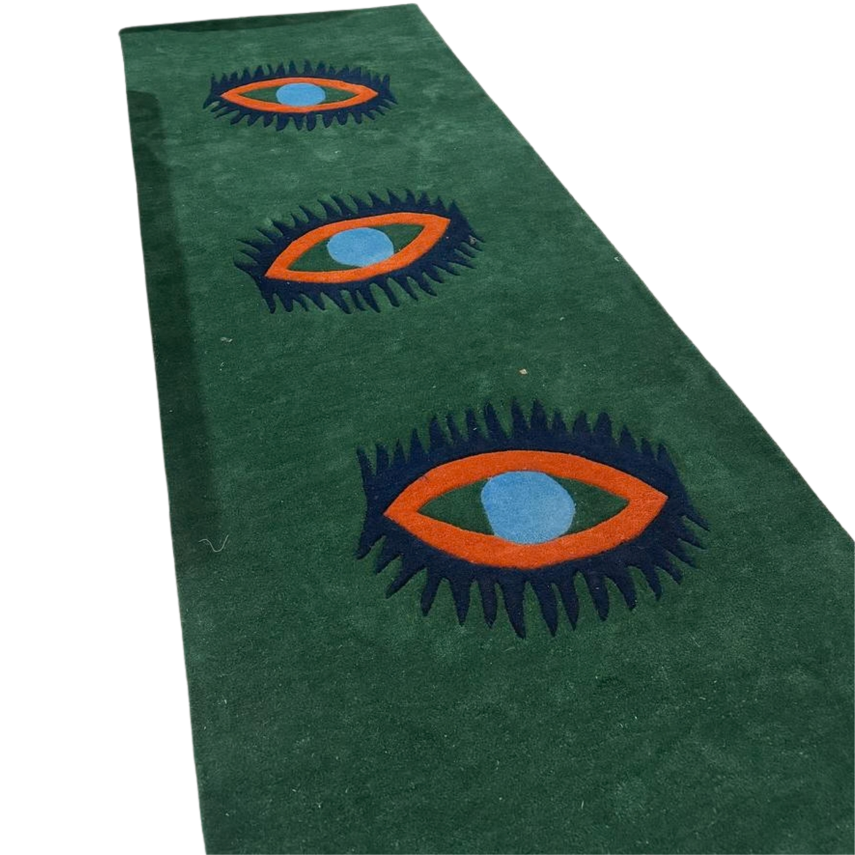 Introducing our Three Evil Eyes Green Hand-Tufted Wool Rug - the wickedly stylish addition your floors have been craving! Crafted with devilish attention to detail, this rug is bound to cast a spell on your space. With its eye-catching design and luxurious wool texture, it's a bewitchingly good choice for adding a touch of magic to any room.
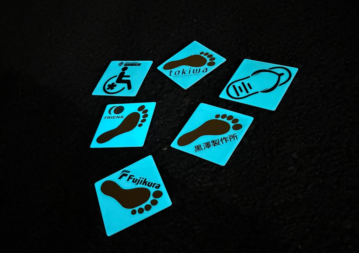 今回、このプロジェクトで使用したのが株式会社humorousが開発した蓄光パネル「ナイトコンシェルジュ( https://humorous.jp/nightconcierge )」です。日中の光をパネルが吸収することで、暗闇のなかでほんのりと光が輝くパネルです。
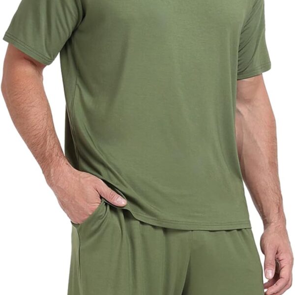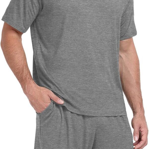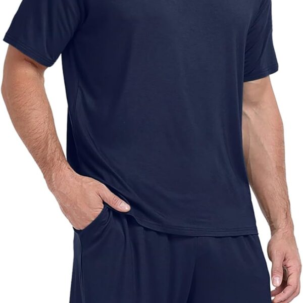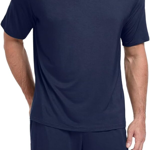 MenPajama Set Sleepwear Pjs Lightweight Quick Dry Short Sleeve V-Neck Shirts and Shorts Soft Comfy Sleep Sets
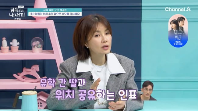 [OSEN=박하영 기자] ‘금쪽같은 내 새끼’ 배우 신애라가 남편 차인표가 딸을 걱정해 위치추적 앱을 깔았다고 밝혔다. 28일 방송된 채널A ‘요즘 육아 – 금쪽같은 내 새끼’에서는 위치 추적 앱 때문에 고민이라는 사연에 신애라이날 금쪽 육아 고민 해결소에는 ‘초2 아들이 위치 추적 앱으로 부모를 감시해요’라는 사연이 공개됐다.사연자는 “아들에게 생긴 유별
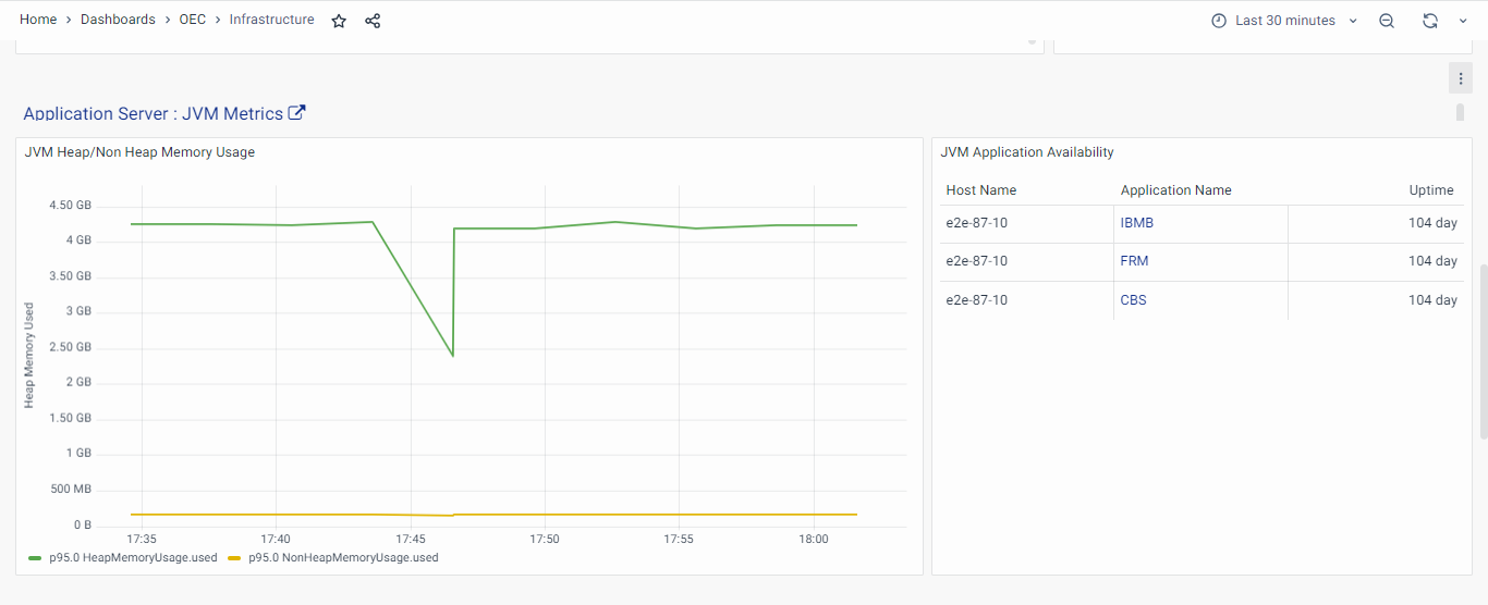 Similarly, the Application Server trend chart highlights Heap Memory Usage in the selected time range.
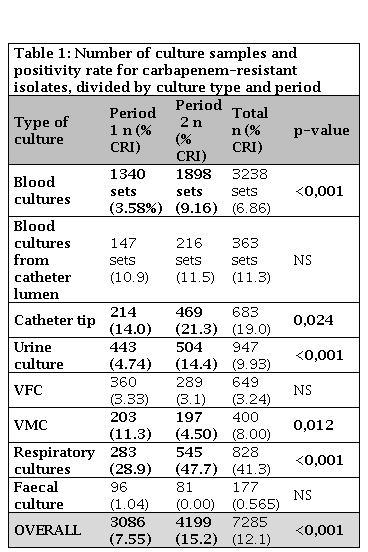 Overall blood cultures positivity to CRI rose from 3.58% to 9.16% (p<0,001), urine culture positivity from 4.7% to 14.4% (p<0,001) and respiratory samples culture from 28.9% to 47.7% (p<0,001). Other changes in positivity rates are shown in Table 1.

★ ★ ★

> Brief
Set down every entry above verbatim, without pictures.

> The answer
 Introducing our Three Evil Eyes Green Hand-Tufted Wool Rug - the wickedly stylish addition your floors have been craving! Crafted with devilish attention to detail, this rug is bound to cast a spell on your space. With its eye-catching design and luxurious wool texture, it's a bewitchingly good choice for adding a touch of magic to any room.
 今回、このプロジェクトで使用したのが株式会社humorousが開発した蓄光パネル「ナイトコンシェルジュ( https://humorous.jp/nightconcierge )」です。日中の光をパネルが吸収することで、暗闇のなかでほんのりと光が輝くパネルです。
 MenPajama Set Sleepwear Pjs Lightweight Quick Dry Short Sleeve V-Neck Shirts and Shorts Soft Comfy Sleep Sets
 [OSEN=박하영 기자] ‘금쪽같은 내 새끼’ 배우 신애라가 남편 차인표가 딸을 걱정해 위치추적 앱을 깔았다고 밝혔다. 28일 방송된 채널A ‘요즘 육아 – 금쪽같은 내 새끼’에서는 위치 추적 앱 때문에 고민이라는 사연에 신애라이날 금쪽 육아 고민 해결소에는 ‘초2 아들이 위치 추적 앱으로 부모를 감시해요’라는 사연이 공개됐다.사연자는 “아들에게 생긴 유별
 Similarly, the Application Server trend chart highlights Heap Memory Usage in the selected time range.
 Overall blood cultures positivity to CRI rose from 3.58% to 9.16% (p<0,001), urine culture positivity from 4.7% to 14.4% (p<0,001) and respiratory samples culture from 28.9% to 47.7% (p<0,001). Other changes in positivity rates are shown in Table 1.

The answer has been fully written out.